(Dataset items)
--

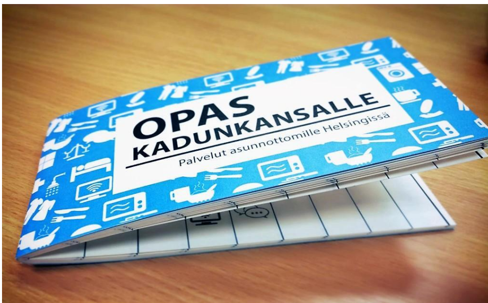
KUVA 1. Opas kadunkansalle -palveluopas (Sininauhasäätiö)

”Opas kadunkansalle” -palveluopas on laadittu yhteistyössä Sininauhasäätiön maahanmuuttajatyön Tuki ja tavoittaminen -hankkeen sekä Pop up-asumisneuvontakioski -hankkeen kanssa. Opas on taskukokoinen, selkokielinen ja visuaalinen tuote, joka on painettu vedenkestävälle paperille. Siihen on kerätty paperittomille ihmisille suunnattuja kolmannen sektorin tarjoamia palveluita, kuten esimerkiksi hätämajoitus, ruuanjakelu, peseytymismahdollisuus, keskusteluapu ja infopalvelu. Sininauhasäätiön ”Opas kadunkansalle” -palveluoppaan uudemmassa versiossa käytetään samaa mallipohjaa kuin vanhemmassa vuoden 2017 palveluoppaassa.
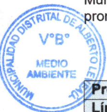
Cuadro N° 01: Líneas de Acción del Programa Municipal EDUCCA al 2022

El desarrollo de ciudadanía ambiental comprende la promoción de deberes y derechos ambientales, del cambio de comportamiento y la adopción de prácticas ambientales apropiadas y principalmente, de la participación de las personas en la mejora ambiental. Para ello, la Municipalidad Distrital de Alberto Leveau, facilitara la intervención en las decisiones de los promotores ambientales juveniles y promotores ambientales comunitarios.
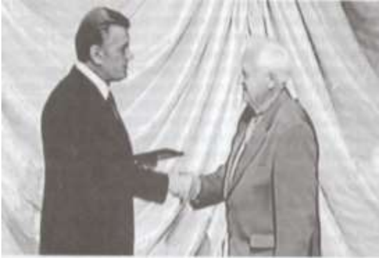
Президент України Віктор Ющенко вручає орден "За заслуги" III ст. Андрію Климу

Восени 1995 р. на обласній установчій конференції
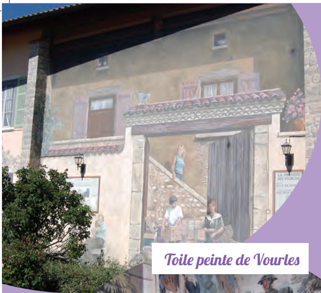
Toile peinte de Vourles
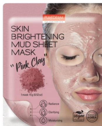
Máscara Facial Iluminadora da Pele Lama Cal Rosa
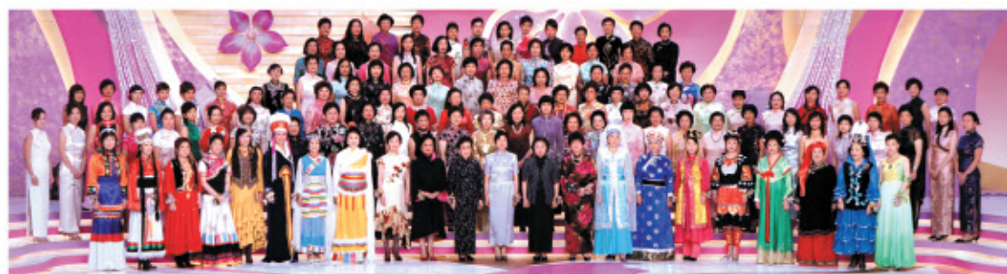
婦協合唱團多次在「紫荊吐艷慶歡騰」國慶晚會獻唱「回歸頌」。
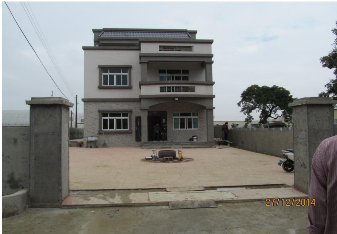
圖 5.4.3 新居入厝
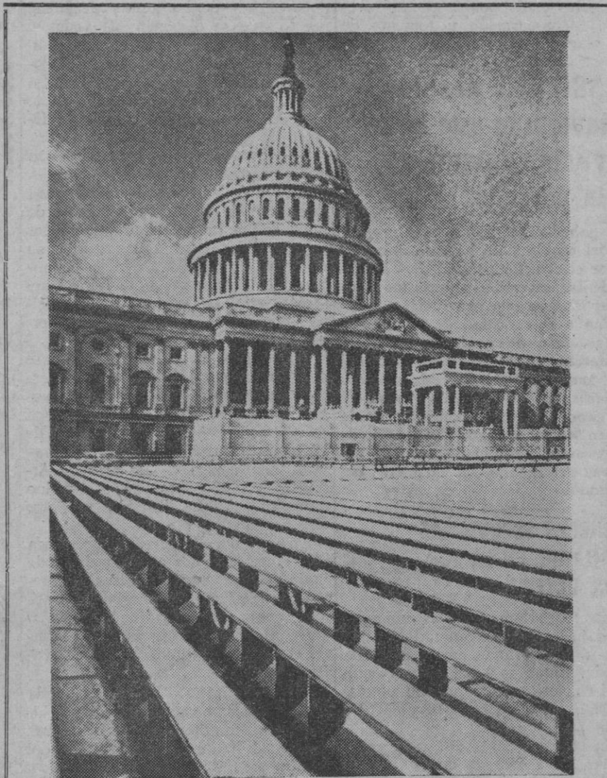
Pocas horas antes de la toma de posesión del presidente Johnson, de los Estados Unidos, los bancos y tribunas preparados para la ceremonia ante el Capitolio de Washington, presentaban este aspecto, cubiertos por un manto de nieve. También su antecesor, Kennedy, contempló un ambiente semejante en su toma de posesión hace justamente cuatro años.

Parece ser que han soslayado el problema de la participación alemana en la fuerza multilateral nuclear, cuyo proyecto es patrocinado por Estados Unidos.—Efe.
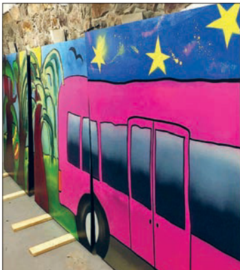
Teilansicht einer Platte, die zukünftig ein Flöhaer Buswartehäuschen zieren wird.

Endlich war es soweit, am 24. September gestalteten 5 Schülerinnen und 2 Schüler aus den 10. Klassen gemeinsam mit dem Künstler Jens Ossada die Graffiti-Platten für ein Buswartehäuschen in Flöha. Eigentlich wäre das bereits im März geschehen, damals fiel es leider Corona bedingt aus.
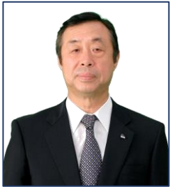
リードグループ 代表取締役

--

Print exactly, with no pictures, the lines above from the one that holds "Восени 1995 р." through the one that holds "Pocas horas antes", both of them included.

Восени 1995 р. на обласній установчій конференції
Toile peinte de Vourles
Máscara Facial Iluminadora da Pele Lama Cal Rosa
婦協合唱團多次在「紫荊吐艷慶歡騰」國慶晚會獻唱「回歸頌」。
圖 5.4.3 新居入厝
Pocas horas antes de la toma de posesión del presidente Johnson, de los Estados Unidos, los bancos y tribunas preparados para la ceremonia ante el Capitolio de Washington, presentaban este aspecto, cubiertos por un manto de nieve. También su antecesor, Kennedy, contempló un ambiente semejante en su toma de posesión hace justamente cuatro años.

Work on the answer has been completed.